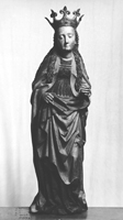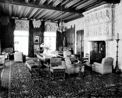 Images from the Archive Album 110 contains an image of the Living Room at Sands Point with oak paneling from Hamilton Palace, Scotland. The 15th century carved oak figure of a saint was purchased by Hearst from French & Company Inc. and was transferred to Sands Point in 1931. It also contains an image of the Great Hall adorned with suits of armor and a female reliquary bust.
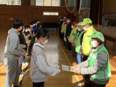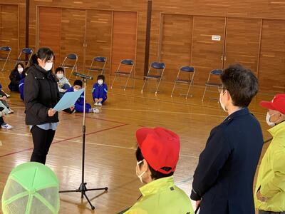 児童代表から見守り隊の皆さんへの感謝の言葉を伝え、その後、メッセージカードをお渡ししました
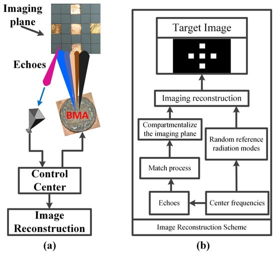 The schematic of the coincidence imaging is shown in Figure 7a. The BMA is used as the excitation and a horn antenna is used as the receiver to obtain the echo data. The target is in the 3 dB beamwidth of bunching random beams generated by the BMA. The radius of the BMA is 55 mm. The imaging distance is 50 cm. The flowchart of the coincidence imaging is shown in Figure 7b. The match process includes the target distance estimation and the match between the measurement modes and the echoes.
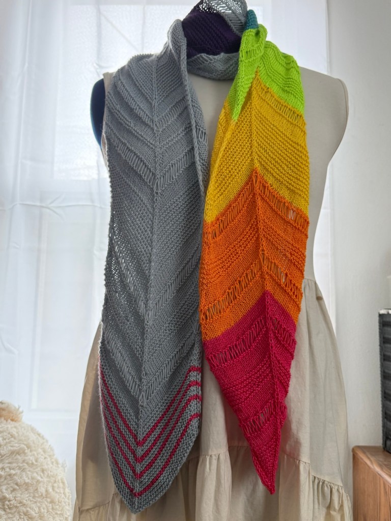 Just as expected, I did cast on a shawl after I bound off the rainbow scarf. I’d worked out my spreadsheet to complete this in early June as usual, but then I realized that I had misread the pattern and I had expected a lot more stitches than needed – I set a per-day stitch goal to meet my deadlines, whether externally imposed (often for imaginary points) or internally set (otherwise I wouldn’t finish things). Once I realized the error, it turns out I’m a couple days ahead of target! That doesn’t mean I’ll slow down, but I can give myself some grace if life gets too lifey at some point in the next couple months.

==

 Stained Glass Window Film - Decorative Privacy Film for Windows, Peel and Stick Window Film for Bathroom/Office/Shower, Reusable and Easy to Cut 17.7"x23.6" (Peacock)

> _ABOUT THIS EXERCISE_:
In the entries above, find the line containing "Images from the" and the line containing "児童代表から見守り隊の皆さん", then copy both and every line between them exactly, without any picture.

> _RESPONSE TO THIS TASK_:
 Images from the Archive Album 110 contains an image of the Living Room at Sands Point with oak paneling from Hamilton Palace, Scotland. The 15th century carved oak figure of a saint was purchased by Hearst from French & Company Inc. and was transferred to Sands Point in 1931. It also contains an image of the Great Hall adorned with suits of armor and a female reliquary bust.
 児童代表から見守り隊の皆さんへの感謝の言葉を伝え、その後、メッセージカードをお渡ししました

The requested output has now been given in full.